Exhibit 10.1


                         EMPLOYEE STOCK OPTION AGREEMENT


         THIS STOCK OPTION AGREEMENT is made as of the 6th day of December,
2006, between Life Sciences Research, Inc., a Maryland corporation (hereinafter
called the "Corporation"), and Andrew Baker, a key employee of the Corporation
(hereinafter called the "Option Holder").

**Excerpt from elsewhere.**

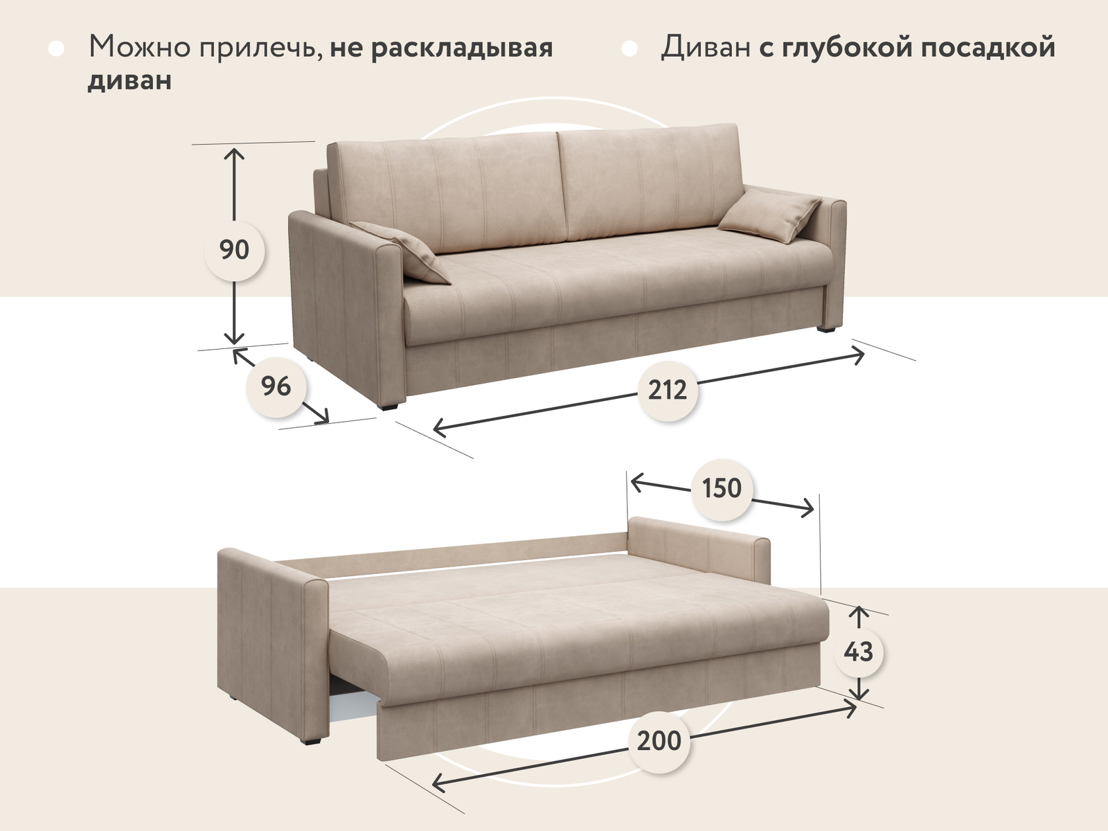 Ширина спального места в не разобранном состоянии маленькое, всего 75см, из-за чего взрослому будет неудобно спать, нужно будет всегда раскладывать диван.

         1. Grant of Option. The Corporation hereby grants pursuant to the
         Corporation's 2001 Equity Incentive Plan to the Option Holder the right
         and option, hereinafter called the "Option", to purchase an aggregate
         of 100,000 shares (the "Shares") of the Corporation's $0.01 par value
         voting common stock (such number being subject to adjustment as
         provided in paragraph 7 hereof), on the terms and conditions herein set
         forth. Such Option shall vest one half (50,000 shares) on December 31,
         2008, and one half (50,000 shares) on December 31, 2009, provided that
         the Option Holder shall have remained an employee of the Company or its
         subsidiaries through such date(s) (each, a "Vesting Date").

         2. Purchase Price. The purchase price of the Shares covered by the
         Option shall be Nine Dollars and Ninety-five Cents ($9.95) per Share.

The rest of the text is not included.